A new large language model (LLM) named Collective-1 has been built using a novel approach: distributed AI training powered by GPUs scattered across the globe. This project, spearheaded by startups Flower AI and Vana, could significantly disrupt how artificial intelligence is typically developed.
Traditional LLMs, like those behind ChatGPT and Claude, require immense compute power centralized in elite data centers. These models are trained using proprietary datasets and high-performance GPUs connected via fiber-optic networks. This limits AI development to tech giants with access to vast financial and computing resources. In contrast, Collective-1’s development broke this mold, harnessing a decentralized network of computers and combining both private and public data.
Flower AI developed the distributed training technology, enabling model training to span hundreds of internet-connected machines. Vana contributed private datasets from platforms like X (formerly Twitter), Reddit, and Telegram—sources usually out of reach for traditional training methods.
Though smaller than today’s industry leaders, Collective-1’s 7 billion parameters represent a key milestone. Flower AI cofounder Nic Lane, also a Cambridge computer scientist, says the approach is scalable. He reveals that Flower AI is already training a 30-billion-parameter model and plans a 100-billion-parameter model later this year. Multimodal features, such as audio and image inputs, are also in development.
Democratizing AI: A New Power Shift
Distributed AI training could shift the balance of power in the AI sector. Today, only well-funded corporations or nations with high-end data centers can build top-tier models. This centralization sidelines smaller organizations, research labs, and countries without state-of-the-art infrastructure.
However, the distributed model offers an alternative.
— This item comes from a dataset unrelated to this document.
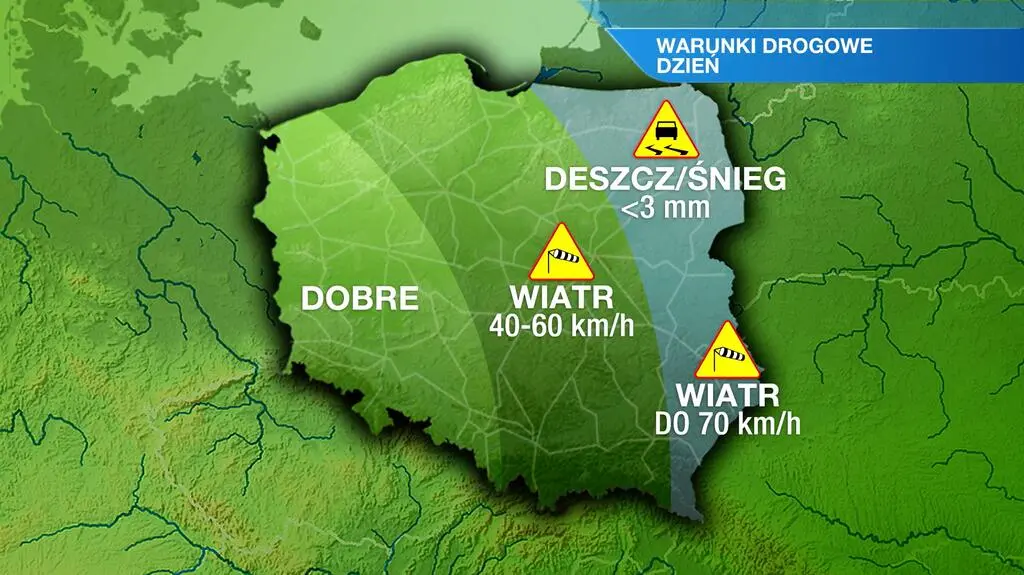 W środę niebo nad Polską będzie zachmurzone, ale pojawią się przejaśnienia i rozpogodzenia, najbardziej widoczne na zachodzie i południu kraju. We wschodniej Polsce spodziewane są słabe opady deszczu i deszczu ze śniegiem poniżej 3 l/mkw. Temperatura w ciągu dnia wyniesie od 3 st. C na Suwalszczyźnie do 7 st. C na Dolnym Śląsku. Zachodni i południowo-zachodni wiatr okaże się na ogół umiarkowany, jedynie na wschodzie i częściowo w centrum kraju dość silny z porywami 40-60 km/h, a na południowym wschodzie - do 70 km/h.

It allows multiple smaller players to pool their resources, effectively bypassing the need for single-location data centers. Universities or startups could team up and use their collective computing power to train competitive models. Lane highlights this benefit, noting that distributed training scales more elegantly and flexibly than centralized methods.
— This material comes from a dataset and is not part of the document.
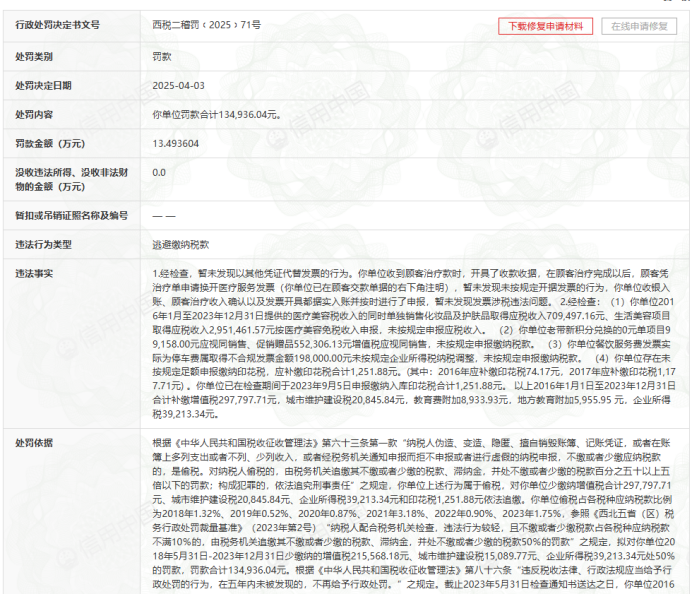 今年4月份,朗姿股份全资子公司陕西高一生医疗美容医院有限公司因存在逃避缴纳税款行为,被当地税务部门罚款13.49万元。

Helen Toner, an AI governance expert at the Center for Security and Emerging Technology, sees potential in this method. While she doubts it will surpass frontier models soon, she believes it could offer a fast-follower route that reshapes how AI models are built.
A New Tool and New Data Paradigms
Central to the success of Collective-1 is Photon, a tool developed by Lane and researchers from the UK and China. Photon optimizes distributed training by making data representation and model synchronization more efficient than existing systems like Google’s DiPaCo. Though slower than traditional training, Photon allows hardware to be added flexibly, enhancing scalability.
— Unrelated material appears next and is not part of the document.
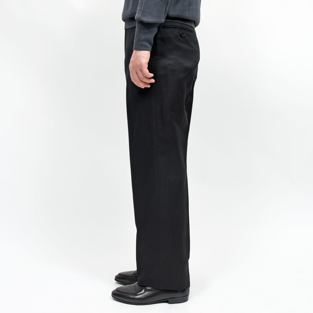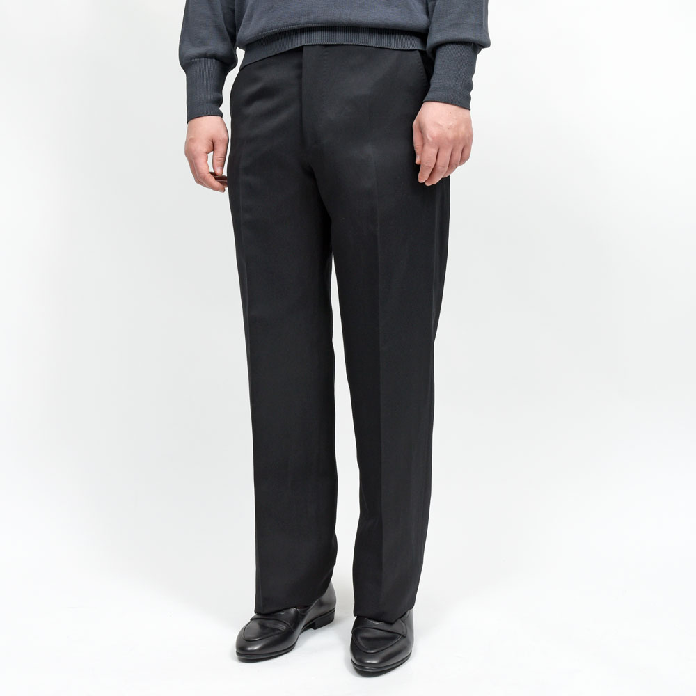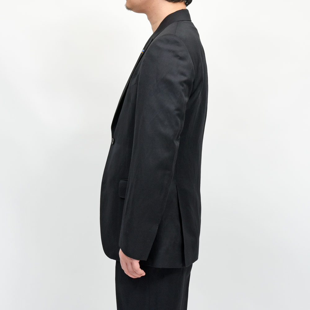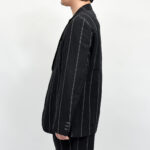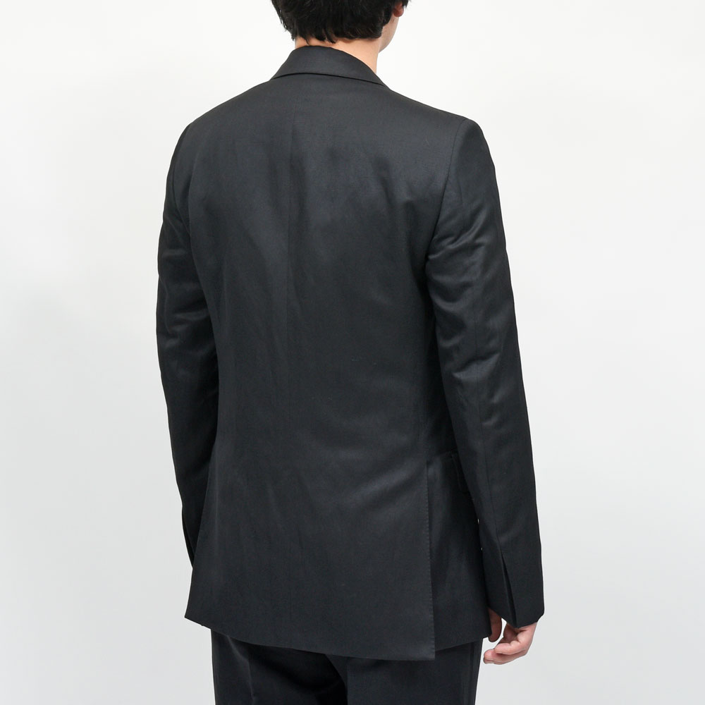 Belvest(ベルベスト)が提案するファッションとしてのブラックスーツという感じですね。ウールリネンを採用した生地はほんのり光沢感があり、リネンを効果的に採用する事で艶っぽくなり過ぎず、自然と落ち着いた見え方に。

In March, Photon was released as open source, giving developers worldwide access to a powerful tool for distributed AI training.
Vana’s role also introduces a major shift in how AI models access training data. Instead of scraping publicly available content—which is often copyrighted—Vana’s platform lets users directly contribute private data. Users can even control how their data is used and potentially profit from it. This marks the first time user-contributed data is being used to build a foundation model, according to Vana cofounder Anna Kazlauskas.
Mirco Musolesi, a computer scientist at University College London, sees enormous potential in using decentralized, privacy-sensitive data—especially in fields like healthcare and finance. These sectors often cannot centralize data due to legal or ethical constraints, but distributed AI training offers a secure alternative.
In summary, distributed AI training not only redefines how models are built but also who can build them. It opens doors for broader participation, more ethical data sourcing, and innovative collaboration. While the frontier of AI may still belong to big players for now, distributed methods like those used to build Collective-1 are set to change the rules of the game.